Section 5 concludes the paper.

2. Background

Related work. The present work follows the research approach of legal informatics [1], where computational methods and AI applications are increasingly relevant [2], especially in the area of e-Justice and analysis of judicial decisions. Judicial citations are approached with network analysis to address, for instance, the decisions of the CJEU [3, 4]. As concerns automatic judicial interpretation and prediction, a variety of supervised [5] and unsupervised [6] methodologies are applied, e.g. to assess public procurement fraud detection [7], paying attention to explainability [8]. Other research lines pursue the objective of extracting and classifying argumentative patterns in judgments [9] and to model the most efective standards [10] and design-ontological techniques [11] to represent legal text sources. Recently, a promising research domain is engaged with analyzing the process of harmonization of EU and domestic legislation [12]. Definitions. The present paragraph aims at defining terms and keywords on which the particular topic of this paper is based. A judgment (i.e. Sentenza) is identified by “code and year". The code is a sequential number released by the court when the judgment becomes definitive and is inserted in the court’s oficial records. Year, instead, determines the year in which the judgment was published into.
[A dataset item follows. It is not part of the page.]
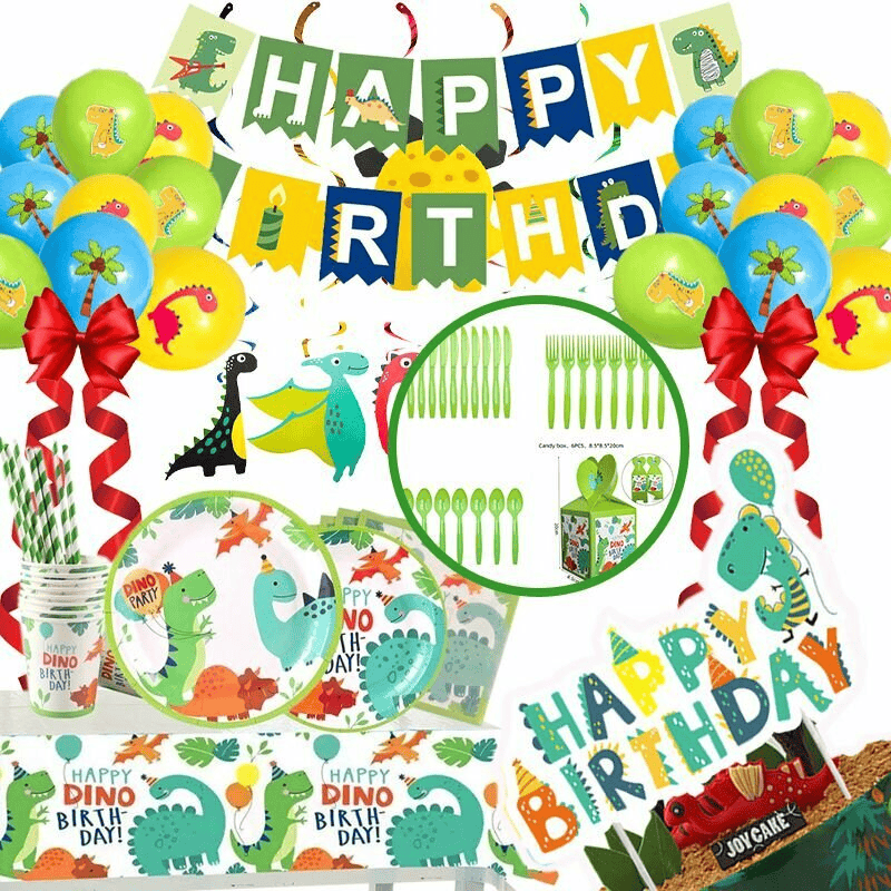 • Одноразовая посуда: тарелки, стаканы и салфетки с динозаврами или нейтральных зелёно-коричневых оттенков. Для малышей выбирайте плотный картон и боксы без мелких деталей.

NGR, which stands for “number of general register” and corresponds to a chronological number assigned to a specific case (and its files, including the judgment), is used to link and store all the acts and documents related to the case in a unique folder. The subject (i.e. Materia) pinpoints a Macro Area of the domain of the judgment, nonetheless the section of the court that created it. The label (i.e. Voce) discerns a specific subset of the Macro Area: Salary (i.e. Retribuzione), Contribution (i.e. Contribuzione), Individual dismissal (i.e. Licenziamento individuale) are diferent labels of the subject Work (i.e. Lavoro).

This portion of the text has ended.